David, thank you for your vigilence in pointing out this crack in the dam of civility. The moderators cannot catch every single post on the board and sometimes we miss some of these picayune disagreements. A disagreement about baptism, though rare and obscure on the PB, can grow (if ignored) into a real point of contention between Baptists and Presbyterians. I will look into this. What else can go wrong? Next I'll be hearing rumors that the Clarkians and VanTillians are beginning to snip and snipe at one another. I mean, what have THEY got to disagree about.
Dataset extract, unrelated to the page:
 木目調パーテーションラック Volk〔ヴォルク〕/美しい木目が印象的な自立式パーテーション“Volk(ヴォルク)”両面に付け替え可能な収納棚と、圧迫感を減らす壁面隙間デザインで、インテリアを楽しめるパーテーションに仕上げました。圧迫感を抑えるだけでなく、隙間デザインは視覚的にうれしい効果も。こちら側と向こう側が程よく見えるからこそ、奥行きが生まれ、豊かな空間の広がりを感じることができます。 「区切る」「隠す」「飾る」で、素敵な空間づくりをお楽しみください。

Can't we all just get along.

Ok, now we're going to sing, "We Are One In the Spirit" and we're going to sing it my way. Not the way the rest of you learned it in YOUR goofy churches. Ready, sing! Hello? Heck with it, let's just sing Kumbayah, and justreally listen to the words.


----------



## tcalbrecht (Jul 20, 2006)

> _Originally posted by srhoades_
> Less Filling
> 
> or
> ...



Pipes vs. cigars


----------



## Ivan (Jul 20, 2006)

> _Originally posted by tcalbrecht_
> 
> 
> > _Originally posted by srhoades_
> ...



Pepsi vs. Coke?


----------



## ReformedWretch (Jul 20, 2006)

In seiousness regarding drinking, there are some here that debate that from time to time as well. (no, not soda).


----------



## BobVigneault (Jul 20, 2006)

> _Originally posted by houseparent_
> In seiousness regarding drinking, there are some here that debate that from time to time as well. (no, not soda).
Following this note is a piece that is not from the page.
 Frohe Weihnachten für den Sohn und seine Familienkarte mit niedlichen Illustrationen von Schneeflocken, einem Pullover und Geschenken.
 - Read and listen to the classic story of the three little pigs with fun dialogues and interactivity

seiousness?????? Adam, you might want to take some solid food with whatever you're drinking brother. (Of course I'm kidding, I know you don't drink, please don't crush my head.)


----------



## Dave L (Jul 20, 2006)

> _Originally posted by BobVigneault_
> David, thank you for your vigilence in pointing out this crack in the dam of civility. The moderators cannot catch every single post on the board and sometimes we miss some of these picayune disagreements. A disagreement about baptism, though rare and obscure on the PB, can grow (if ignored) into a real point of contention between Baptists and Presbyterians. I will look into this. What else can go wrong? Next I'll be hearing rumors that the Clarkians and VanTillians are beginning to snip and snipe at one another. I mean, what have THEY got to disagree about. Can't we all just get along.
> 
> Ok, now we're going to sing, "We Are One In the Spirit" and we're going to sing it my way. Not the way the rest of you learned it in YOUR goofy churches. Ready, sing! Hello? Heck with it, let's just sing Kumbayah, and justreally listen to the words.



Bob, to my shame I have no idea of the differences between the Clarkians and VanTillians - it looks like I have some catching up to do!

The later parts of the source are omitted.